- Activity
In the output, include exactly the lines from the beginning of the records up to and including the one that contains "The painting from", and leave out the pictures.

(Extracted data entries)
▬▬▬▬▬▬▬▬▬▬

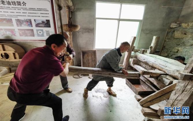 凤凰镇陈氏木榨榨油坊正在榨油(9月12日摄)。2019年3月木榨榨油技艺被收入商洛市第三掇非物质文化遗产名录。
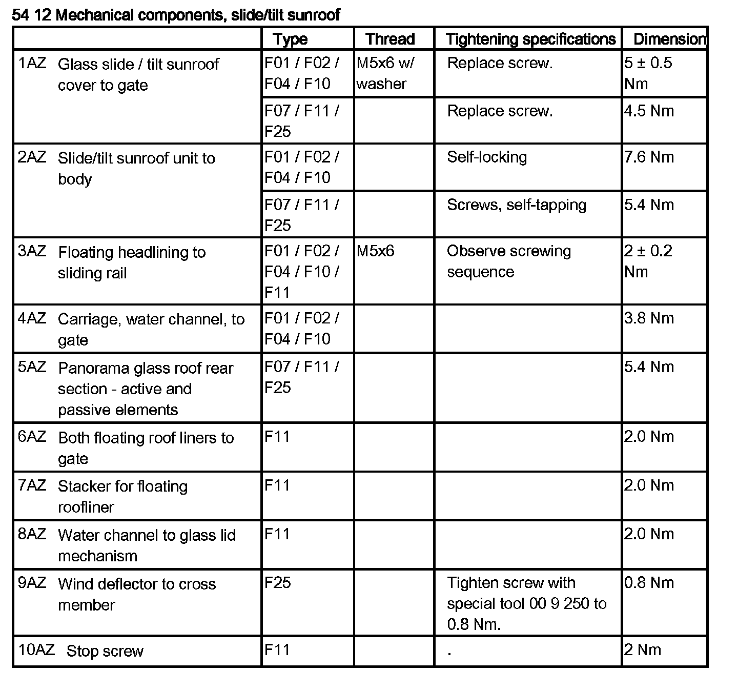 54 12 Mechanical Components, Slide/Tilt Sunroof
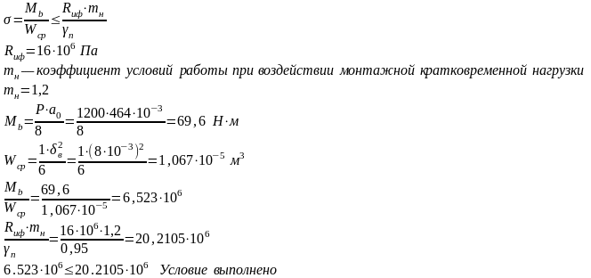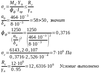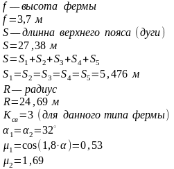 Ферма опирается на клеедощатую стойку высотой 7,5 метров. Сечения всех элементов спроектированы на основе соответствующих глав СНиП II—25—80 исходя из условий прочности и устойчивости, если это требуется.
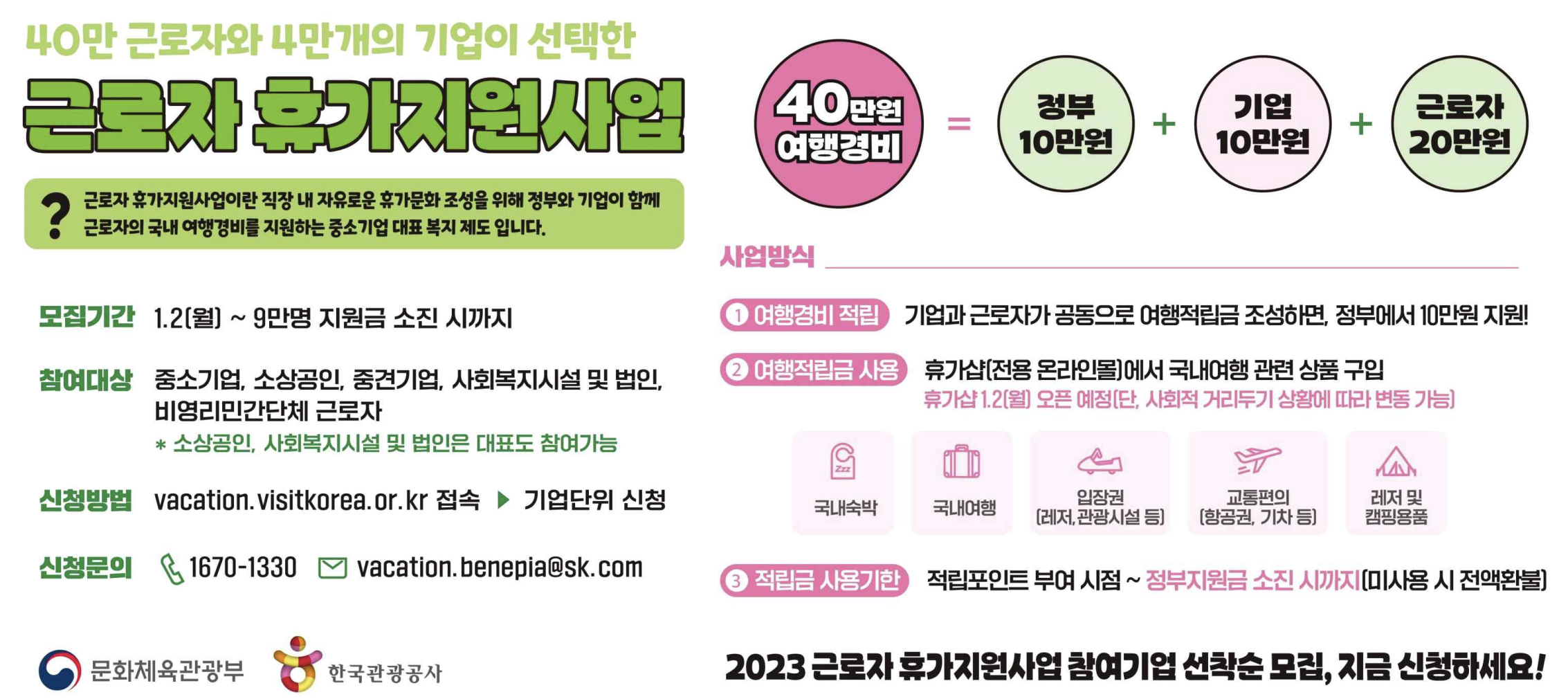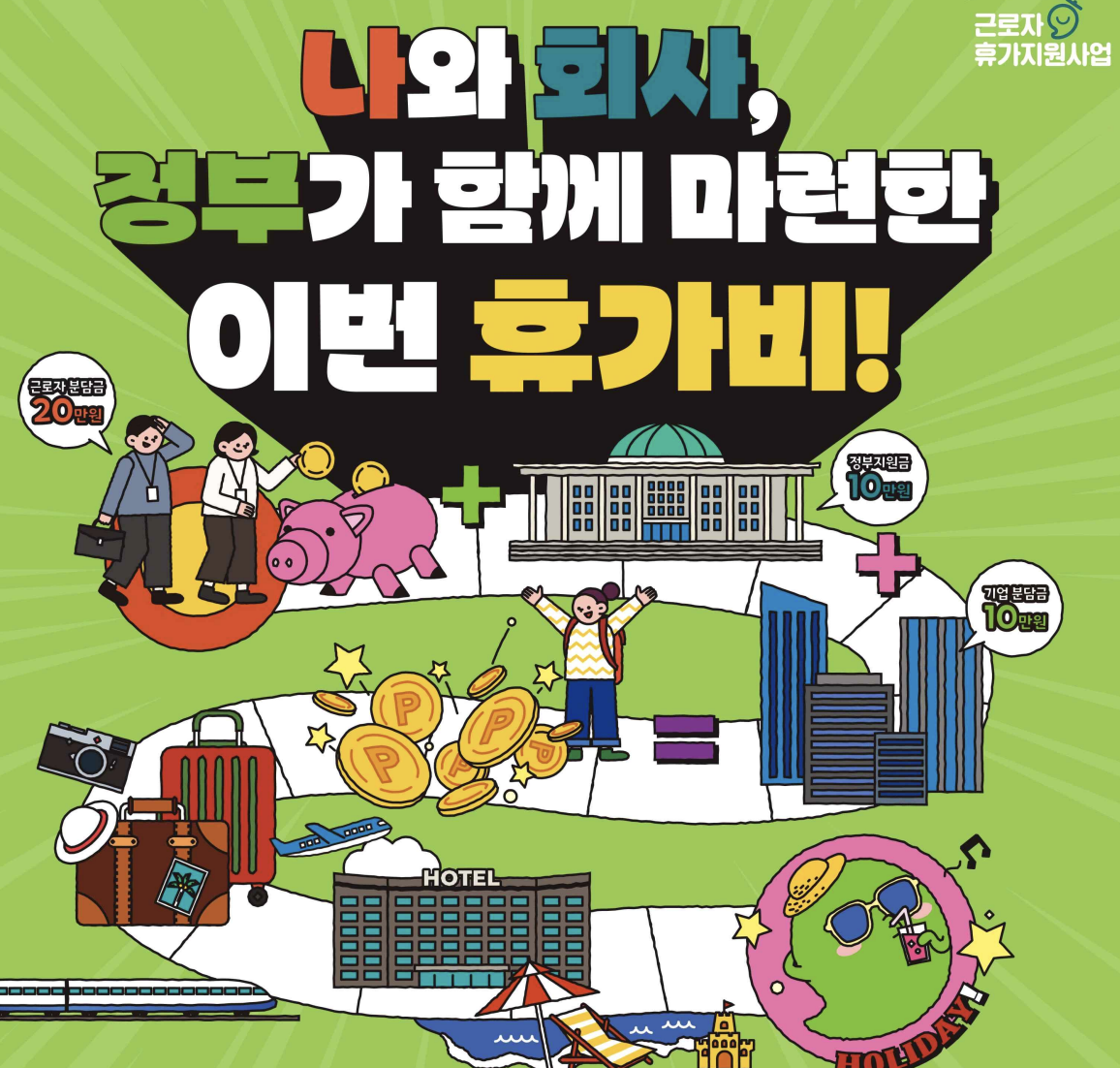근로자 휴가 지원 사업을 통해 근로자들의 휴가를 자유롭게 사용할 수 있도록 도모하며, 국내 여행 활성화 취지로 이번 사업을 진행했습니다. 근로자가 20만 원을 적립하면, 근로자가 몸담고 있는 회사와 정부가 각각 10만 원을 추가 적립하여 총 40만 원을 지원하는 프로그램입니다.
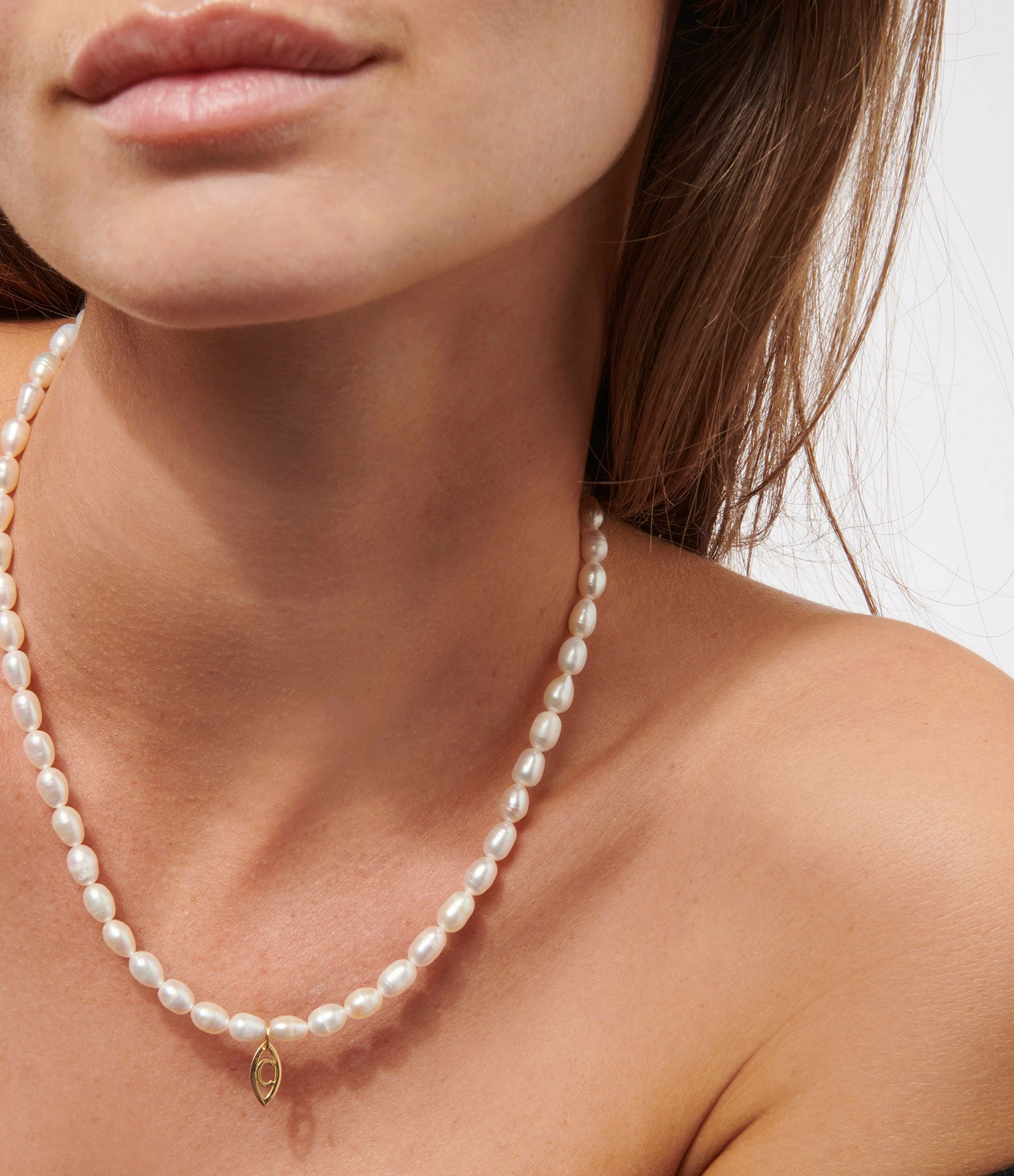 Collier de perles composé de perles d’eau douce et d’un pendentif Iris en or jaune représentant le symbole signature de Charlet.
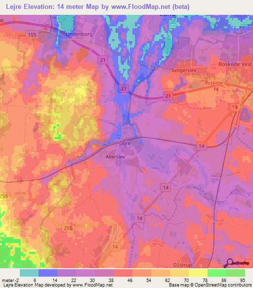 Note:Please note that Lejre,Denmark Elevation Map is in beta.
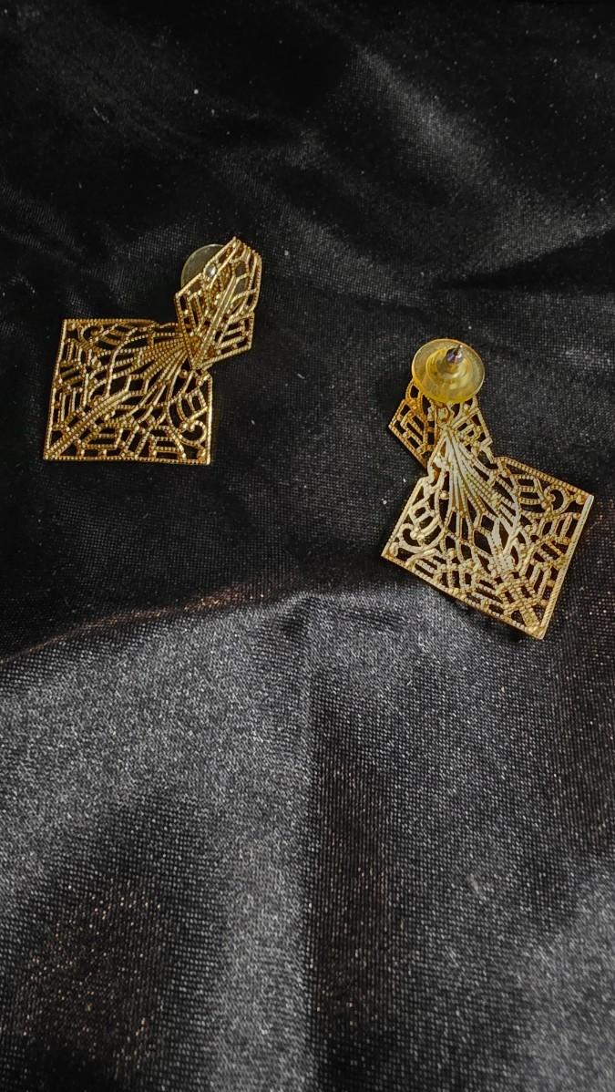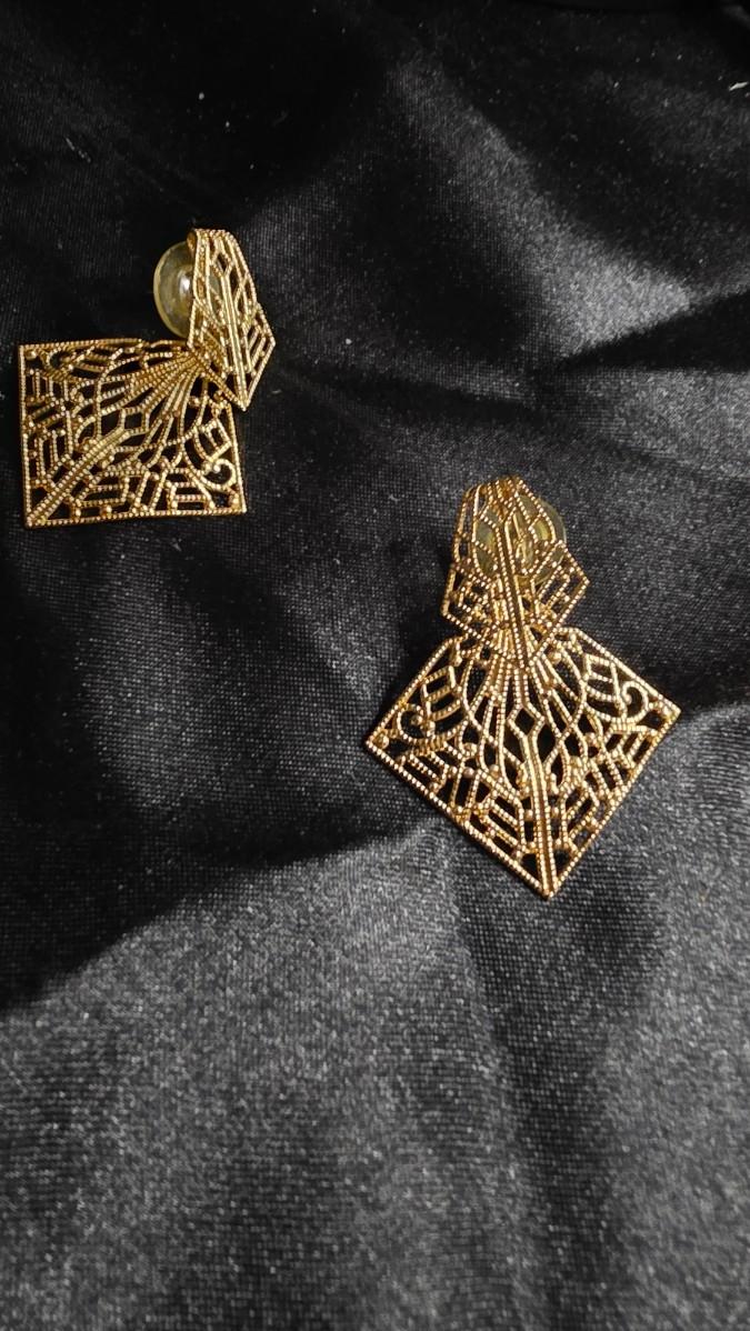 Vintage Art Deco Filigree Statement Earrings in Gold Tone – Geometric Elegance
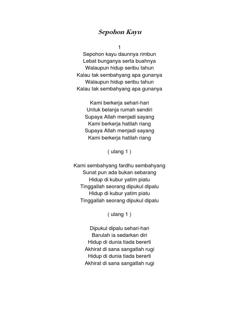 E Am Am E sepohon kayu daunnya rimbun Am E lebat bunganya serta. Am E sepohon kayu daunnya rimbun Am E lebat bunganya serta buahnya Dm Am. Sepohon Kayu 1 Sepohon kayu daunnya rimbun Lebat bunganya serta buahnya Walaupun hidup seribu tahun Kalau tak sembahyang apa gunanya Walaupun hidup seribu tahun Kalau.
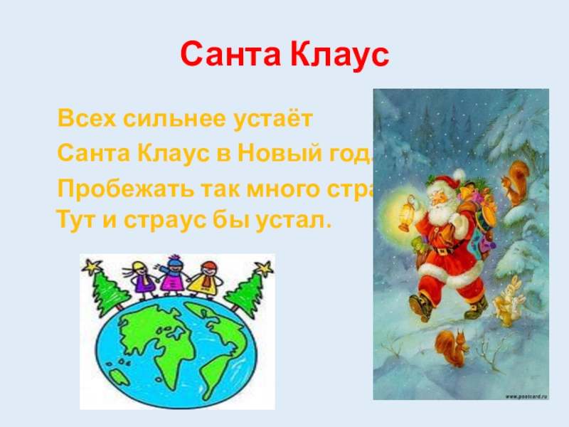 Санта Клаус  Всех сильнее устаёт	  Санта Клаус в Новый год.	  Пробежать так много стран
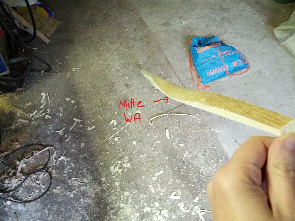 Der Bogen wird Halb-Pyramidal. 4 cm Breit (mehr geht nicht) und ab der Hälfte der Wurfarme schmaler auf 1,5cm an den Tips.
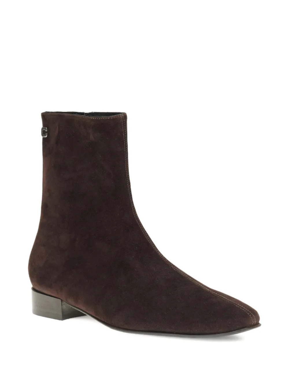 Верх из коричневой замши, острый носок, высота до щиколотки, застежка-молния сзади, низкий блочный каблук
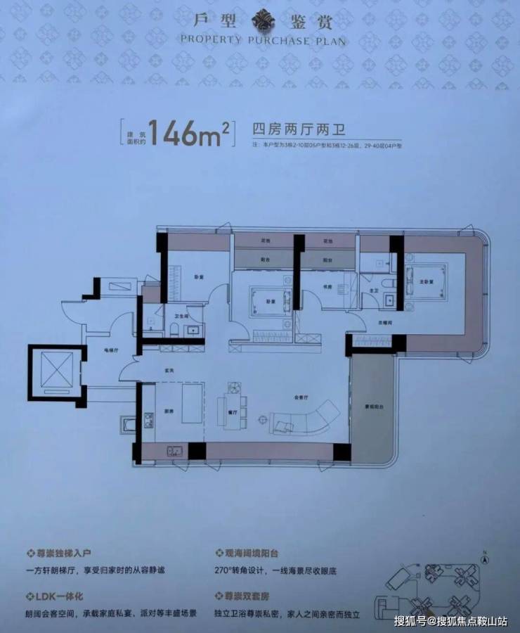 总占地面积约1.58万㎡,总建筑面积约14.1万㎡,计容建筑面积约10.44万㎡,容积率6.54,绿化率40.01%,共由4栋31-45层高住宅组成,4梯5户(低区)/4梯4户(高区)、约125㎡以上专梯专户
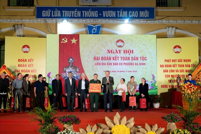 Tại Ngày hội, Tổng Bí thư Tô Lâm đã trao bức tượng Bác Hồ về thăm quê tặngĐảngbộ, chính quyền và Nhân dân phường Ba Đình; trao quà tặng tập thể đơn vị tổ chức Ngày hội và 10 hộ gia đình chính sách trên địa bàn phường Ba Đình.
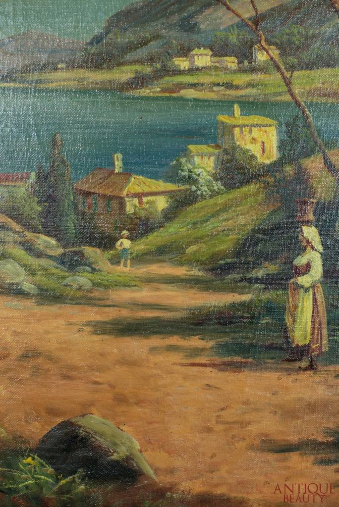 The painting from the early 20th century, depicting Italian landscape with staffage.
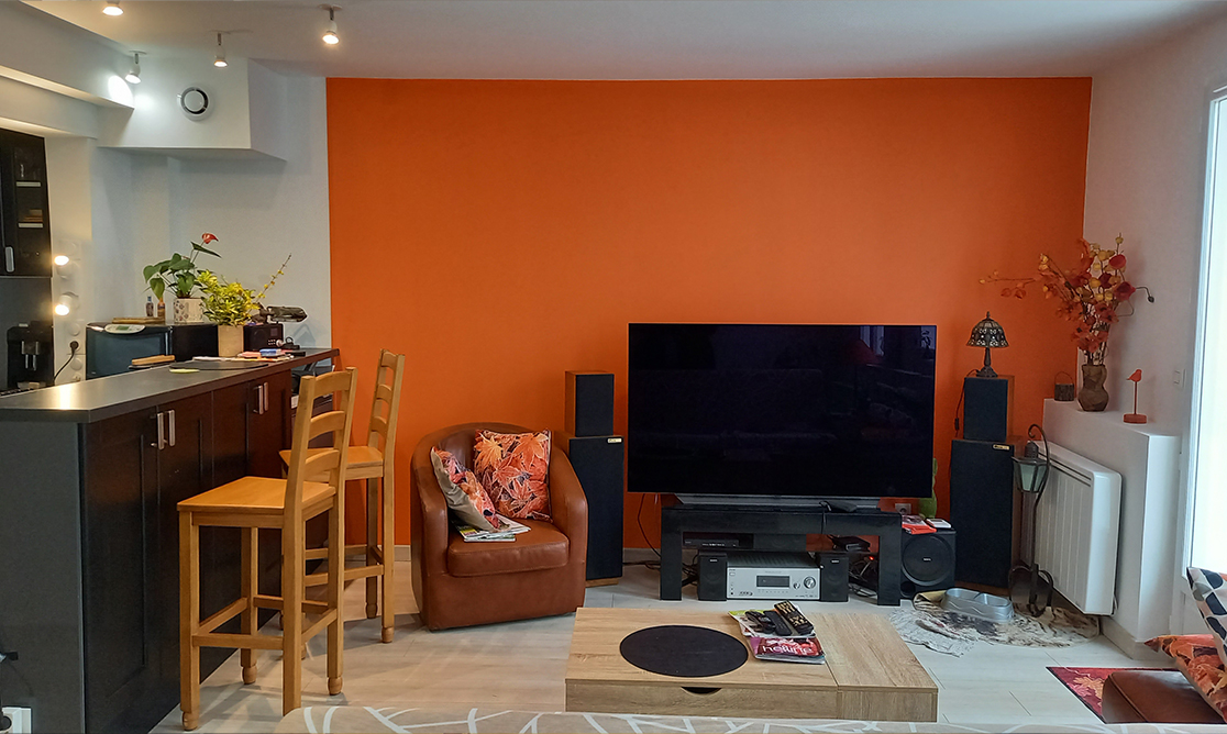 Après suggestion, ma cliente a été séduite par l’idée d’avoir un ou plusieurs murs de couleurs dans cette pièce afin d’apporter une ambiance chaleureuse, et lumineuse. Cela donne aussi un certain caractère à la pièce. Le choix de peindre ce mur qui se prolonge vers l’espace cuisine a été fait dans le but d’attirer le regard lorsqu’on arrive dans cette pièce, et met aussi en valeur les meubles en bois clair de la pièce. Elle crée aussi un contraste avec le gris anthracite de la cuisine. Le choix de la couleur s’est fait selon les goûts de la cliente, des tons chauds vifs et profonds, en y ajoutant une touche de vert avec des plantes. Les meubles en bois clairs ont été privilégié afin d’éclaircir cette pièce.
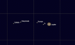 The Galilean moons of Jupiter (Io, Europa, Ganymede, and Callisto) are arranged in numerical order (beginning) at 10:30 UT, 20th January 2018.

▬▬▬▬▬▬▬▬▬▬

- Response to the task
 凤凰镇陈氏木榨榨油坊正在榨油(9月12日摄)。2019年3月木榨榨油技艺被收入商洛市第三掇非物质文化遗产名录。
 54 12 Mechanical Components, Slide/Tilt Sunroof
 Ферма опирается на клеедощатую стойку высотой 7,5 метров. Сечения всех элементов спроектированы на основе соответствующих глав СНиП II—25—80 исходя из условий прочности и устойчивости, если это требуется.
근로자 휴가 지원 사업을 통해 근로자들의 휴가를 자유롭게 사용할 수 있도록 도모하며, 국내 여행 활성화 취지로 이번 사업을 진행했습니다. 근로자가 20만 원을 적립하면, 근로자가 몸담고 있는 회사와 정부가 각각 10만 원을 추가 적립하여 총 40만 원을 지원하는 프로그램입니다.
 Collier de perles composé de perles d’eau douce et d’un pendentif Iris en or jaune représentant le symbole signature de Charlet.
 Note:Please note that Lejre,Denmark Elevation Map is in beta.
 Vintage Art Deco Filigree Statement Earrings in Gold Tone – Geometric Elegance
 E Am Am E sepohon kayu daunnya rimbun Am E lebat bunganya serta. Am E sepohon kayu daunnya rimbun Am E lebat bunganya serta buahnya Dm Am. Sepohon Kayu 1 Sepohon kayu daunnya rimbun Lebat bunganya serta buahnya Walaupun hidup seribu tahun Kalau tak sembahyang apa gunanya Walaupun hidup seribu tahun Kalau.
 Санта Клаус  Всех сильнее устаёт	  Санта Клаус в Новый год.	  Пробежать так много стран
 Der Bogen wird Halb-Pyramidal. 4 cm Breit (mehr geht nicht) und ab der Hälfte der Wurfarme schmaler auf 1,5cm an den Tips.
 Верх из коричневой замши, острый носок, высота до щиколотки, застежка-молния сзади, низкий блочный каблук
 总占地面积约1.58万㎡,总建筑面积约14.1万㎡,计容建筑面积约10.44万㎡,容积率6.54,绿化率40.01%,共由4栋31-45层高住宅组成,4梯5户(低区)/4梯4户(高区)、约125㎡以上专梯专户
 Tại Ngày hội, Tổng Bí thư Tô Lâm đã trao bức tượng Bác Hồ về thăm quê tặngĐảngbộ, chính quyền và Nhân dân phường Ba Đình; trao quà tặng tập thể đơn vị tổ chức Ngày hội và 10 hộ gia đình chính sách trên địa bàn phường Ba Đình.
 The painting from the early 20th century, depicting Italian landscape with staffage.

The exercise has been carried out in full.